Thursday, January 13, 2011

THE MYSTERIOUS ISLAND (1929)



PHENOMENALITY: *marvelous*
MYTHICITY: *fair*
FRYEAN MODE: *drama*
CAMPBELLIAN FUNCTION: *sociological*

Like TARZAN THE TIGER, reviewed here, 1929's adaptation of the Jules verne novel MYSTERIOUS ISLAND appeared on the cusp between silent and sound films, and like TIGER, ISLAND met the challenge by mixing in scenes of spoken dialogue along with scenes with silent actors and title cards.

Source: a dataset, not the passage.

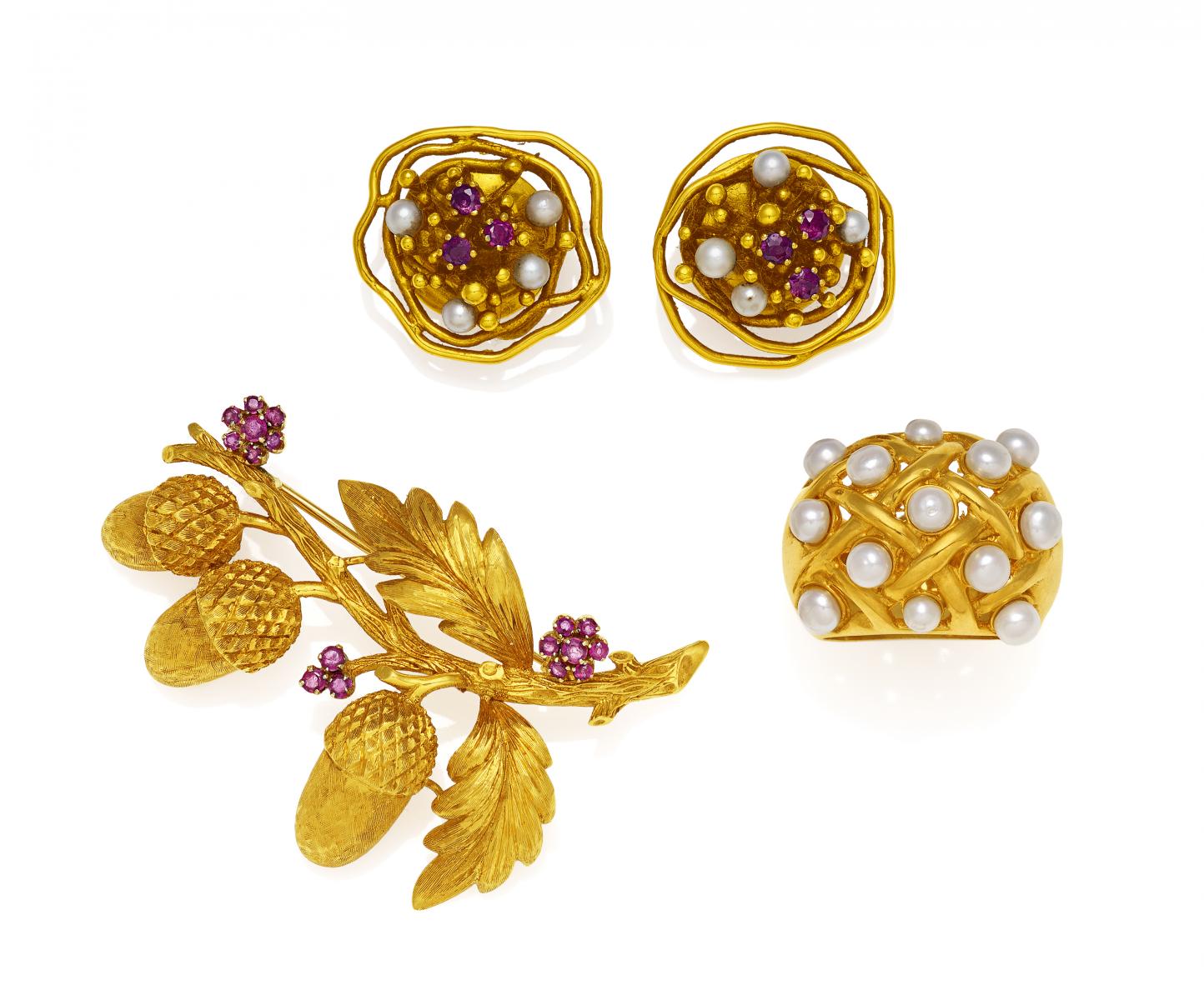 585/- Gelbgold, Gesamtgewicht: 39,3g. EU-RM: 52,5. 23 rund facettierte Rubine, 21 Süßwasser-Zuchtperlen, D.ca. 3,2mm, rund, weiß-rosé.

Unlike TIGER, MYSTERIOUS ISLAND has almost no resemblance to its source material.
In Verne, the island of the title is simply an ordinary island where the protagonists become shipwrecked, and where they encounter Captain Nemo and his submarine the Nautilus, holed up on the isle long after the events of 20,000 LEAGUES UNDER THE SEA.

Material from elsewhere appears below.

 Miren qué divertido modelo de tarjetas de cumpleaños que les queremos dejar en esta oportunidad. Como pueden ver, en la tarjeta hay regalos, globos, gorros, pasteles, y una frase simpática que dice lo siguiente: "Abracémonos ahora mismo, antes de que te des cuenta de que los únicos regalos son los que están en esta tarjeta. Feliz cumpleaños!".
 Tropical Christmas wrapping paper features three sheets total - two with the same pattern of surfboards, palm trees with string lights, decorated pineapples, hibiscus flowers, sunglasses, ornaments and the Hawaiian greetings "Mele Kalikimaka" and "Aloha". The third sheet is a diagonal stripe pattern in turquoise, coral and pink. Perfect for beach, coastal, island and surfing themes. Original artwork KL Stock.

In this film, the "island" of the title is a volcanic isle where the main character builds not one but two submersible crafts in an unspecified time before submarines as such have been invented. Said main character, essayed by Lionel Barrymore, is not Captain Nemo, but borrows his name from the "secret identity" of Nemo as related in the Verne book, which was "Dakkar." However, Verne's Nemo in that book was East Indian (though the Nemo of the first book was given a nonspecific European heritage), and this "Dakkar" goes back to being European. His island laboratory is just off the case of a fictional, Slavic-looking country called "Hetvia," from which comes the villain, Baron Falon. Where Dakkar is a high-minded scientist out to use his submarines to improve human life, Falon invades the laboratory with the intention of taking the vehicles and using them for world conquest.

The only other two characters of importance are Dakkar's sister Sonia and her lower-class boyfriend Nikolai. Early in the story Dakkar, while feigning friendship with Dakkar, protests an alliance between highborn Sonia and lowborn Nikolai, but Dakkar demonstrates that despite being a European he's got an American sense of egalitarianism and treats Nikolai as a worthy suitor. That's about all one can say about Sonia and Nikolai, who are otherwise just the conventional operetta-style romantic couple.

The sociological myth here, then, is embodied by Dakkar and Falon: between progressive, democratic science-as-inquiry and retrograde, aristocratic science-for-conquest. ISLAND evokes these elements reasonably well, though nothing in Lucien Hubbard's script begs one to sit up and take notice.

The strongest scenes are those depicting the two submarines-- each crewed by one of the opposing forces-- struggling for existence on the ocean floor. They stumble across an undersea civilization of duck-faced humanoids who have never been off the ocean floor; whether they're meant to be evolutionary branch-offs or just freaks of nature is left to one's imagination. A particularly strong scene has the duck-men go mad when exposed to blood in the water from a wounded surfaceman.

Many "adventurous" things happen here but the Fryean mode is that of drama, stressing heroism less than tragedy. After Falon's defeat Dakkar, already wounded unto death, nobly orders his research destroyed before he too perishes, implicitly leaving the proper exploration of science up to future generations.

On a side-note the film was a commerical and critical disaster. Some experts have speculated that its failure might have stalled the appearance of science fiction as a pure genre in the cinema for many years thereafter.